:: DATA IN THIS EXERCISE ::
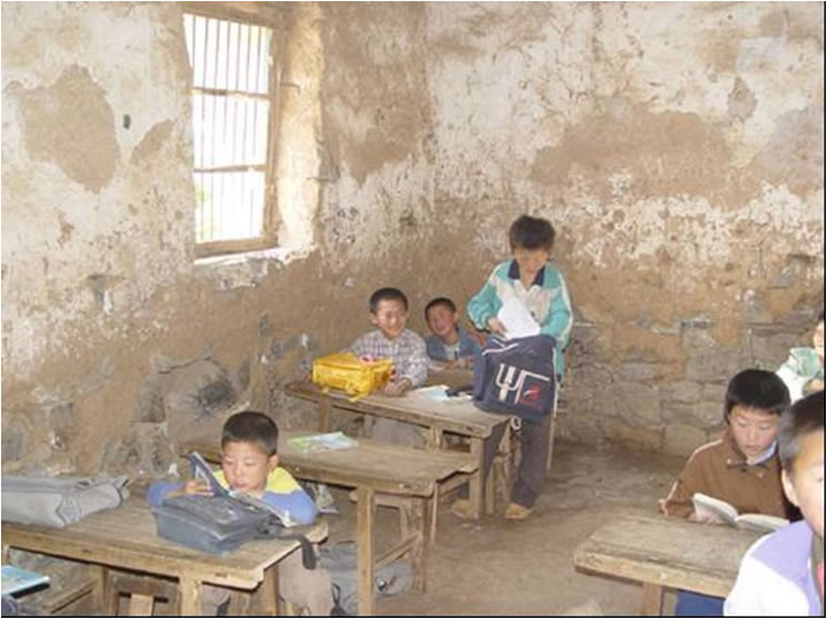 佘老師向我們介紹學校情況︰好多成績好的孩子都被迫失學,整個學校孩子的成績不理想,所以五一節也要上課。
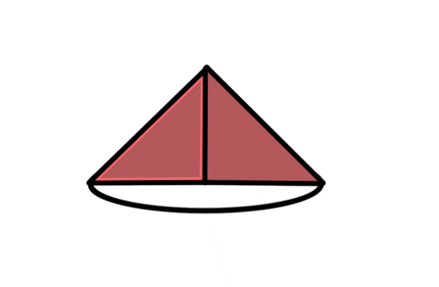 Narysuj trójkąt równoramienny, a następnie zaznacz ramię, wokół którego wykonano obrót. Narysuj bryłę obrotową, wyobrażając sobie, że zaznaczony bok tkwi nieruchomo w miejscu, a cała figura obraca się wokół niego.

* * *

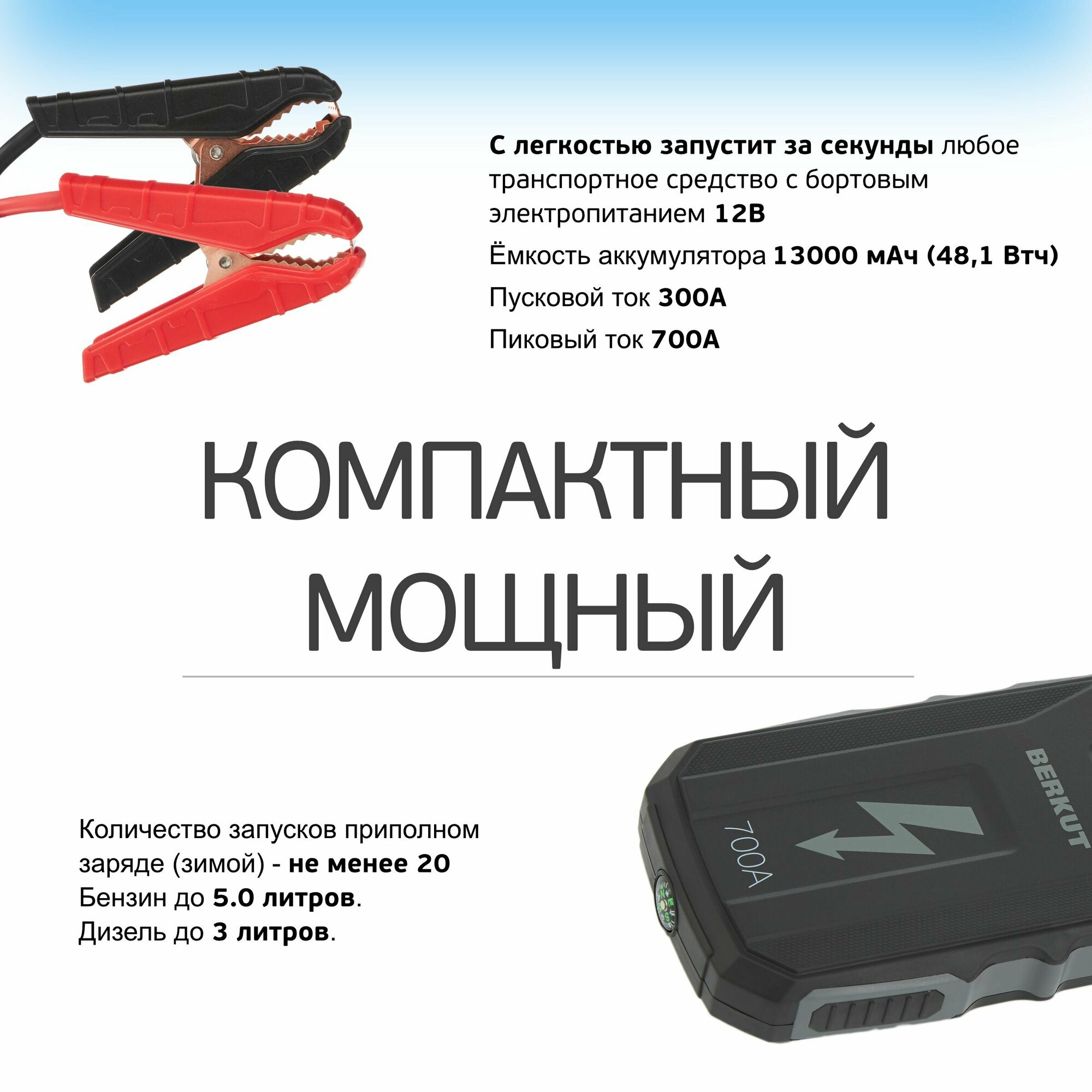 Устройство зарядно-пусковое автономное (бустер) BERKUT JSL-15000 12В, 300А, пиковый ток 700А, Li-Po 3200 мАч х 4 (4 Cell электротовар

:: ABOUT THIS EXERCISE ::
Using the data above, transcribe exactly the lines between those containing "佘老師向我們介紹學校情況︰好" and "Narysuj trójkąt równoramienny, a", inclusive, and leave every picture behind.

:: RESPONSE TO THE TASK ::
 佘老師向我們介紹學校情況︰好多成績好的孩子都被迫失學,整個學校孩子的成績不理想,所以五一節也要上課。
 Narysuj trójkąt równoramienny, a następnie zaznacz ramię, wokół którego wykonano obrót. Narysuj bryłę obrotową, wyobrażając sobie, że zaznaczony bok tkwi nieruchomo w miejscu, a cała figura obraca się wokół niego.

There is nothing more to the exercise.